Expand backend financial statement parsers

2026-03-12 21:15:54 -04:00
parent 33ce48f53c
commit 7a7a78340f
13 changed files with 4398 additions and 456 deletions
--- a/rust/fiscal-xbrl-core/OPERATING_STATEMENT_PARSER_SPEC.md
+++ b/rust/fiscal-xbrl-core/OPERATING_STATEMENT_PARSER_SPEC.md
@@ -0,0 +1,103 @@
+# Operating Statement Parser Spec
+
+## Purpose
+This document defines the backend-only parsing rules for operating statement hydration in `fiscal-xbrl-core`.
+
+This pass is intentionally limited to Rust parser behavior. It must not change frontend files, frontend rendering logic, or API response shapes.
+
+## Hydration Order
+1. Generic compact surface mapping builds initial `surface_rows`, `detail_rows`, and `unmapped` residuals.

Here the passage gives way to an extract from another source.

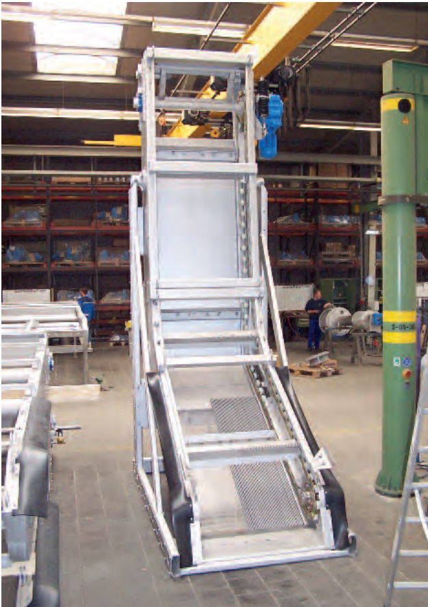
HUBER Rake-Max®-hf unit in our factory before delivery: The flat bottom section which provides favourable hydraulic conditions is clearly visible.

+2. Universal income parsing rewrites the income statement into canonical operating-statement rows.
+3. Canonical income parsing is authoritative for income provenance and must prune any consumed residual rows from `detail_rows["income"]["unmapped"]`.
+
+## Canonical Precedence Rule
+For income rows, canonical universal mappings take precedence over generic residual classification.
+
+If an income concept is consumed by a canonical operating-statement row, it must not remain in `unmapped`.
+
+## Alias Flattening Rule
+Multiple source aliases for the same canonical operating-statement concept must flatten into a single canonical surface row.
+
+Examples:
+- `us-gaap:OtherOperatingExpense`
+- `us-gaap:OtherOperatingExpenses`
+- `us-gaap:OtherCostAndExpenseOperating`
+
+These may differ by filer or period, but they still represent one canonical row such as `other_operating_expense`.
+
+## Per-Period Resolution Rule
+Direct canonical matching is resolved per period, not by selecting one global winner for all periods.
+
+For each canonical income row:
+1. Collect all direct statement-row matches.
+2. For each period, keep only candidates with a value in that period.
+3. Choose the best candidate for that period using existing ranking rules.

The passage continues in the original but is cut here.